WHAT IS NEEDED »
Return an exact copy of the lines from the one holding "Step 3: Personalise" to the end of the data, including both the starting and final lines. Leave the pictures out.

DATA SECTION »
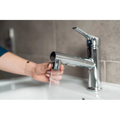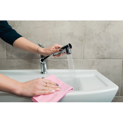 Stojąca bateria z wyciąganą wylewką, gwarantuje wygodę i elastyczność podczas codziennej pielęgnacji łazienki.
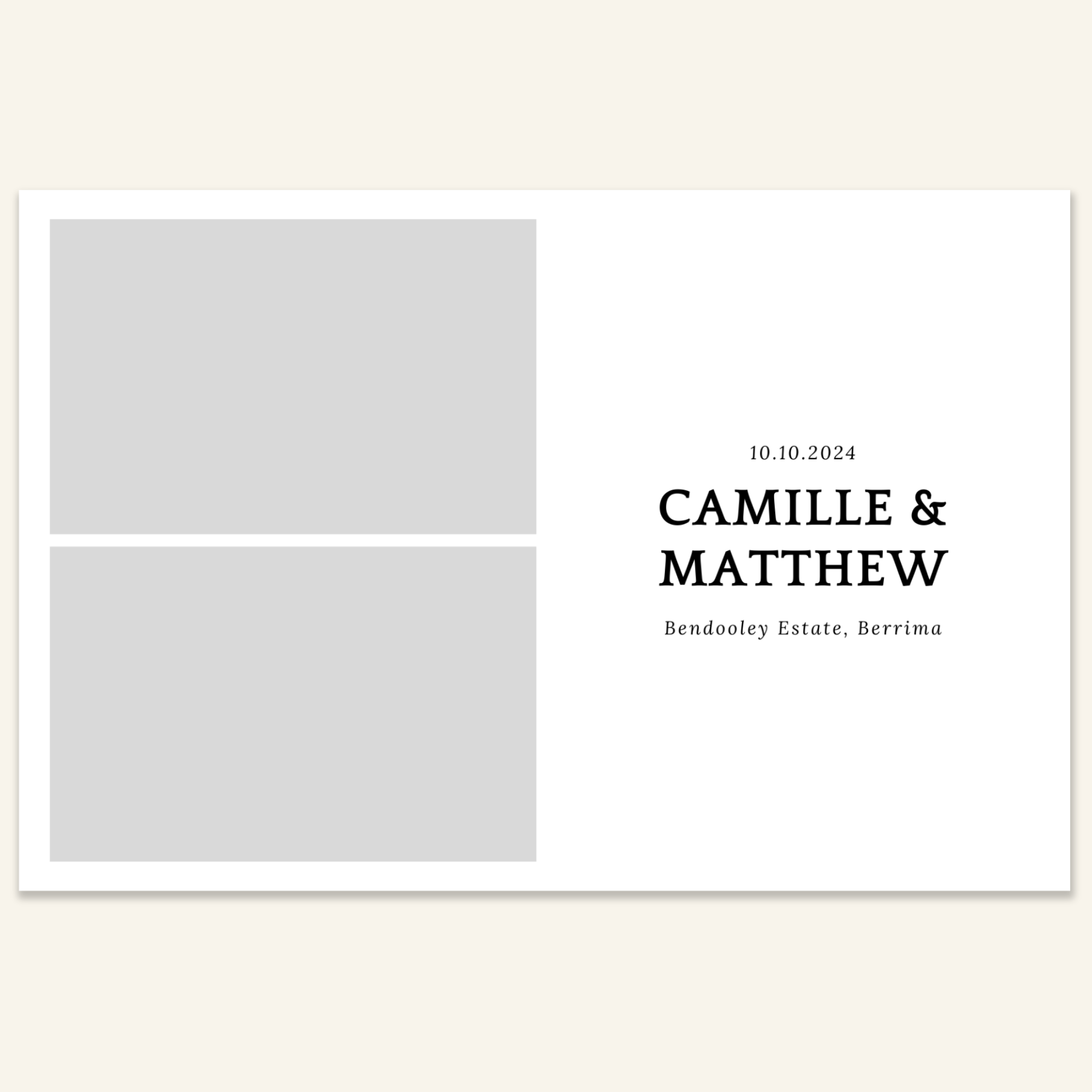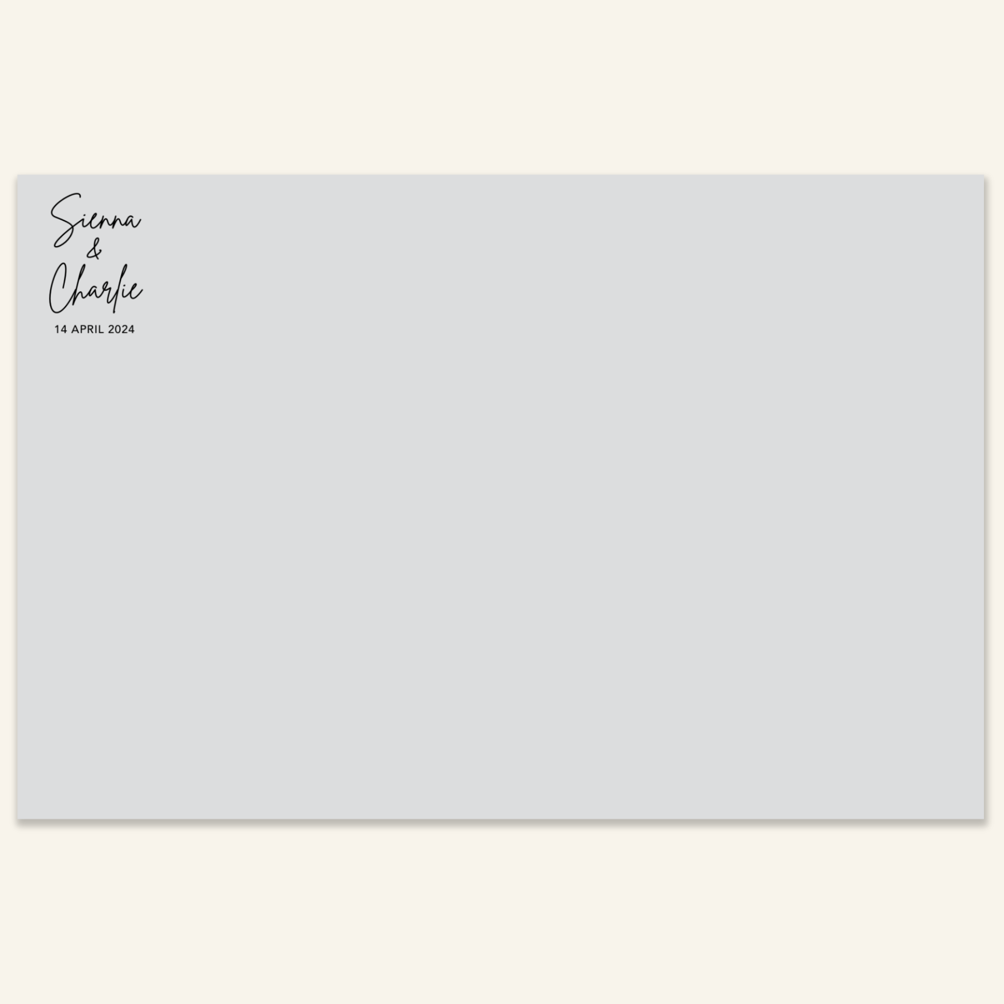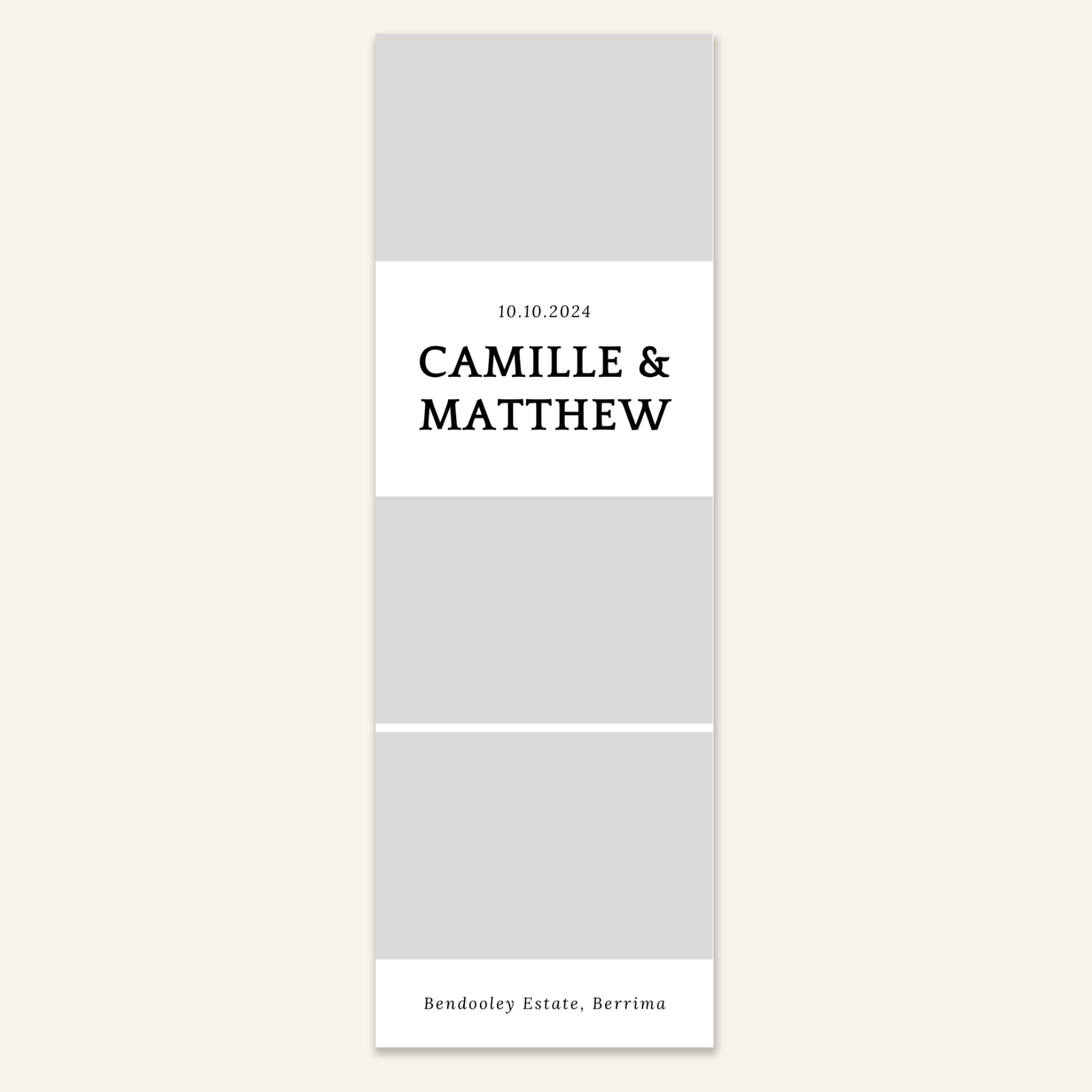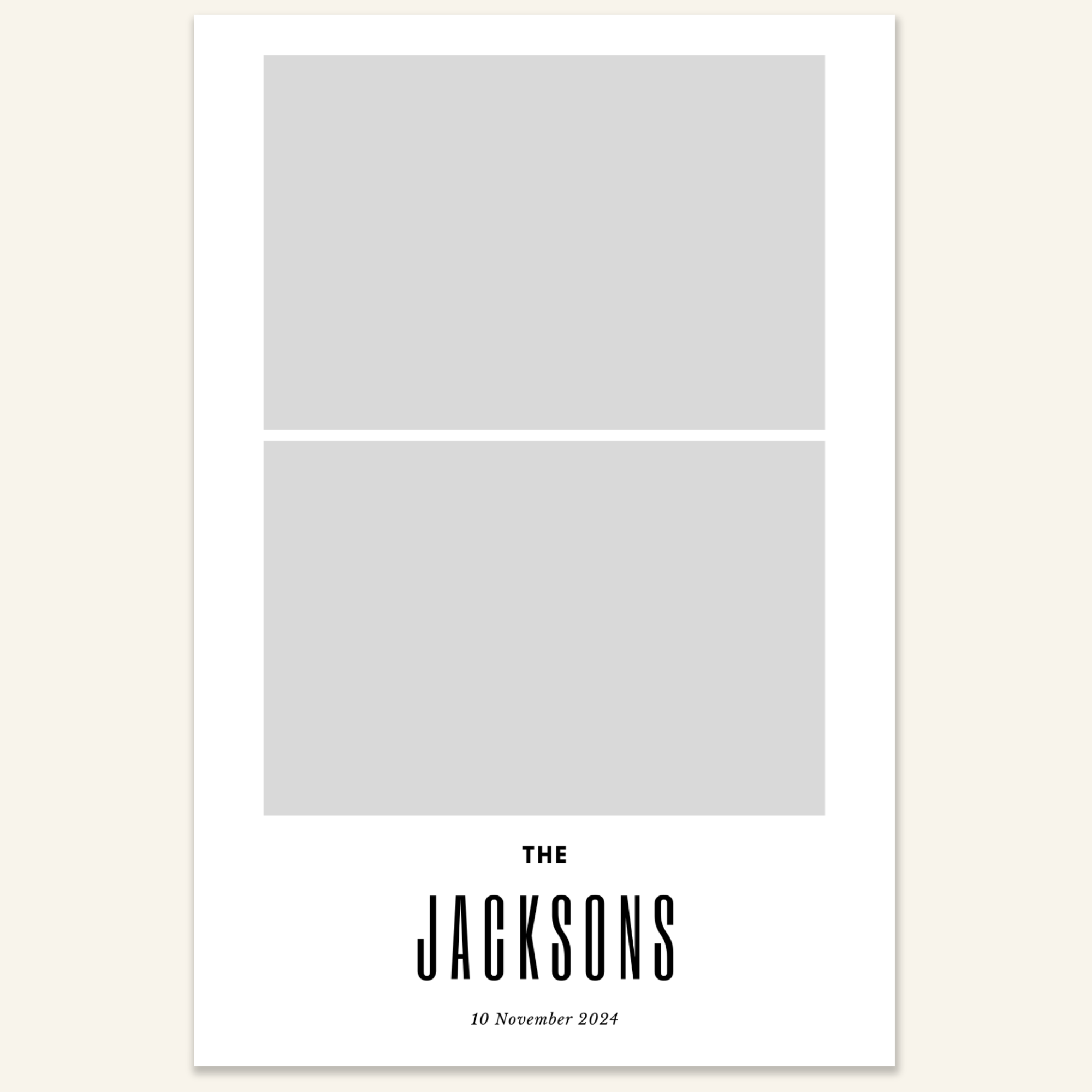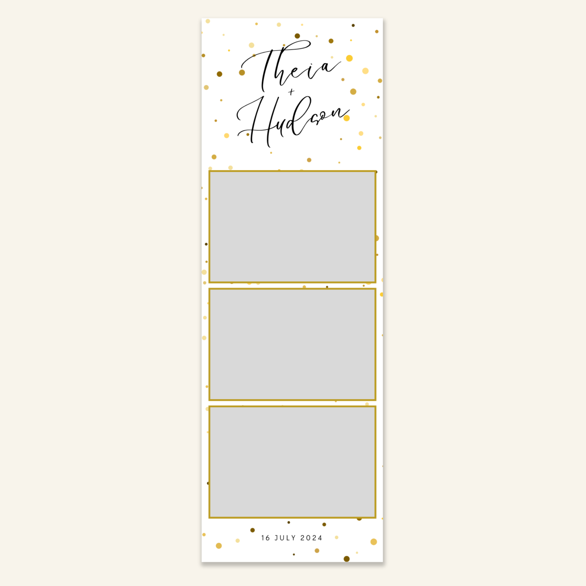 Step 3: Personalise your print template by adding your event name, date, and/or custom message. (eg. Sophia & Lucas / 12 April 2024 / Thanks for joining us!)
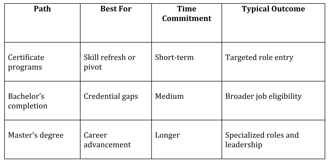 Different educational routes serve different goals. Looking at them side by side can clarify which aligns best with your situation.

ANSWER BOX »
 Step 3: Personalise your print template by adding your event name, date, and/or custom message. (eg. Sophia & Lucas / 12 April 2024 / Thanks for joining us!)
 Different educational routes serve different goals. Looking at them side by side can clarify which aligns best with your situation.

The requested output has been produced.